It’s one way to get on the map. Time Magazine readers may never be able to find it on any authentic atlas but they now know that much of British Columbia’s Great Bear Rain Forest will be saved from the lumberjack’s chainsaw. Great Bear is a fanciful name environmentalists have given to the coastal forest in BC and it has a fine ring of prehistoric wilderness about it. But it has never been officially recognized. Yet a decision by the forest industry to forego the profits from old growth timber there has been selected by Time Magazine as the top environmental achievement in the last decade of the last millennium.
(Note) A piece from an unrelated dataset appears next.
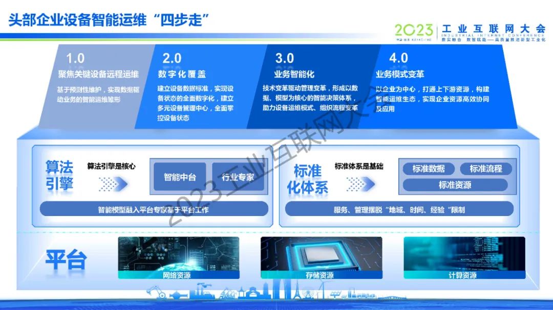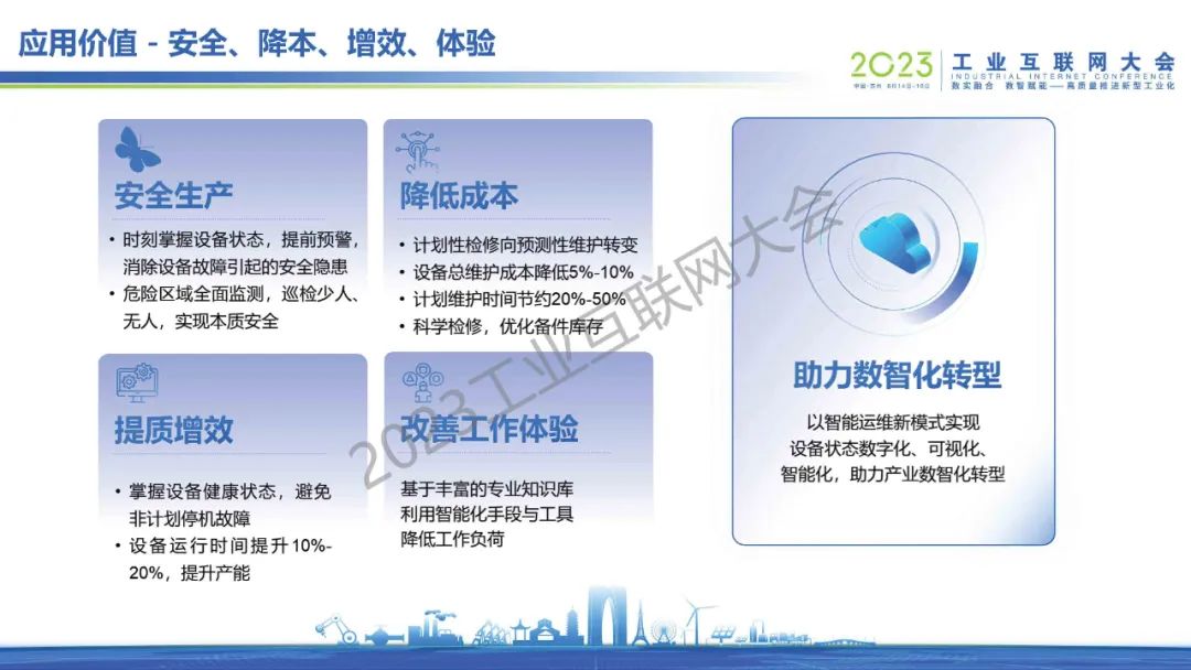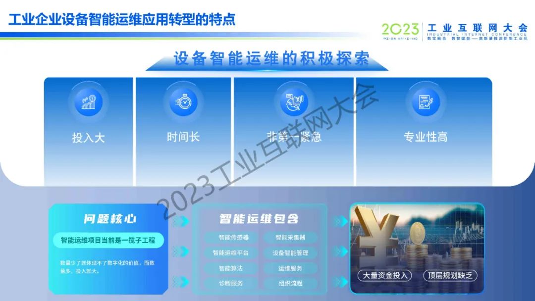李星星介紹,建設(shè)智能工廠,智能生產(chǎn)、智能運(yùn)維和智慧經(jīng)營(yíng)是三大板塊。工業(yè)企業(yè)設(shè)備智能運(yùn)維應(yīng)用轉(zhuǎn)型的特點(diǎn)是投入大、時(shí)間長(zhǎng)、非第一緊急、專(zhuān)業(yè)性高。企業(yè)設(shè)備智能運(yùn)維可以通過(guò)聚焦關(guān)鍵設(shè)備遠(yuǎn)程運(yùn)維、數(shù)字化覆蓋、業(yè)務(wù)智能化和業(yè)務(wù)模式變革來(lái)推進(jìn),達(dá)到降本增效的目的。

It was chosen ahead of four other events: a drop from 1.7 per cent to 1.3 per cent in world population growth in the last 13 years; a plan to improve the Florida Everglades to save the alligators; a campaign by children in German schools to reduce greenhouse gases by cutting electricity use; and the birth of a panda bear in San Diego Zoo.

The citation in the Time article said: "You don’t have to be a conservationist to know trees that have stood tall for centuries should not be cut down to make paper and bookshelves. That’s why environmental groups rallied this year to protect British Columbia’s Great Bear Rain Forest. Responding to threats of a consumer boycott against wood from Great Bear, timber companies agreed to spare some pristine watersheds and giant American retailer Home Depot said it would not buy lumber from particularly fragile forests." There has been a lot of things wrong with the forest industry’s harvesting systems. Time’s editors could have chosen from any number of conservationist initiatives to applaud. It chose the sexiest. Environmentalists won’t be satisfied with the Great Bear prize, though—they’ll want more. If they wanted to stay focused on BC, surely the editors could have given a thought to top honours for the Delgamuukw court decision that recognized an Indian band’s right to aboriginal land title.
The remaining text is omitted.